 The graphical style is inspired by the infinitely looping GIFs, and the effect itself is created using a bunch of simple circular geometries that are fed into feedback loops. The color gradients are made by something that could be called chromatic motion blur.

*-*-*

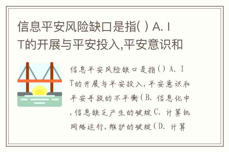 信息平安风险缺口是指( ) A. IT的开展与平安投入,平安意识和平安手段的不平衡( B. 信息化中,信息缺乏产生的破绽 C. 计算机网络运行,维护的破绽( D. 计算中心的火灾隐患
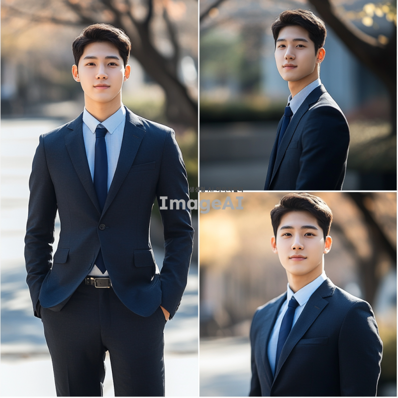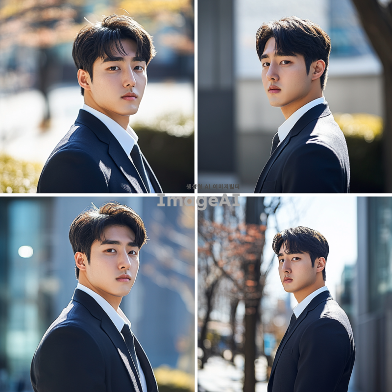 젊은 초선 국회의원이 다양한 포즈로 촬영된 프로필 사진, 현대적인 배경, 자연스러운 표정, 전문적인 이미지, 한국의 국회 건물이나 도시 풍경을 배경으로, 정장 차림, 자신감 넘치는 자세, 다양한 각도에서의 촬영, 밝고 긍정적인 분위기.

*-*-*

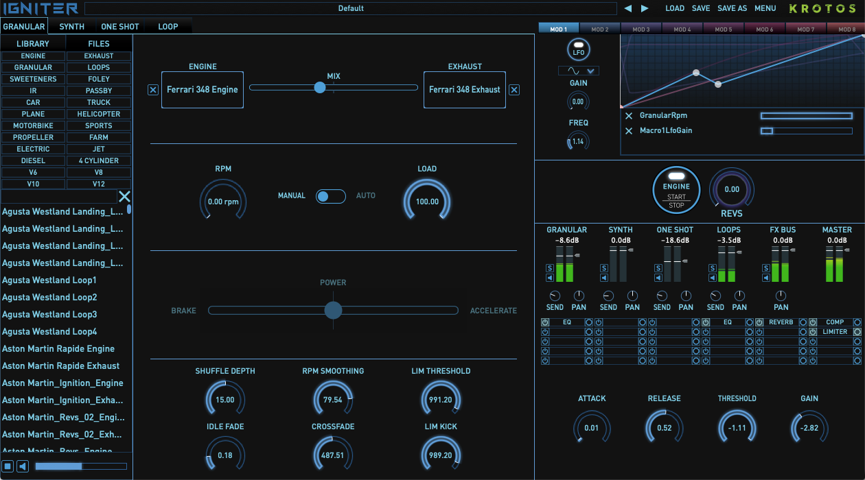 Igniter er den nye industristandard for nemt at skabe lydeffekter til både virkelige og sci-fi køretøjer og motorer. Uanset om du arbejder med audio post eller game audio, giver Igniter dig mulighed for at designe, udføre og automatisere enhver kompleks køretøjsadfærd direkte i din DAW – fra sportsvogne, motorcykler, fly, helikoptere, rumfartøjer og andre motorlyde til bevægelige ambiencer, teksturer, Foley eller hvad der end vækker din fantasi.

*-*-*

# [TRY IT]
Only one stretch of the data is wanted: write out exactly the lines from the one holding "信息平安风险缺口是指( ) A." through the one holding "젊은 초선 국회의원이", both included, without the pictures.

# [WRITTEN RESPONSE]
 信息平安风险缺口是指( ) A. IT的开展与平安投入,平安意识和平安手段的不平衡( B. 信息化中,信息缺乏产生的破绽 C. 计算机网络运行,维护的破绽( D. 计算中心的火灾隐患
 젊은 초선 국회의원이 다양한 포즈로 촬영된 프로필 사진, 현대적인 배경, 자연스러운 표정, 전문적인 이미지, 한국의 국회 건물이나 도시 풍경을 배경으로, 정장 차림, 자신감 넘치는 자세, 다양한 각도에서의 촬영, 밝고 긍정적인 분위기.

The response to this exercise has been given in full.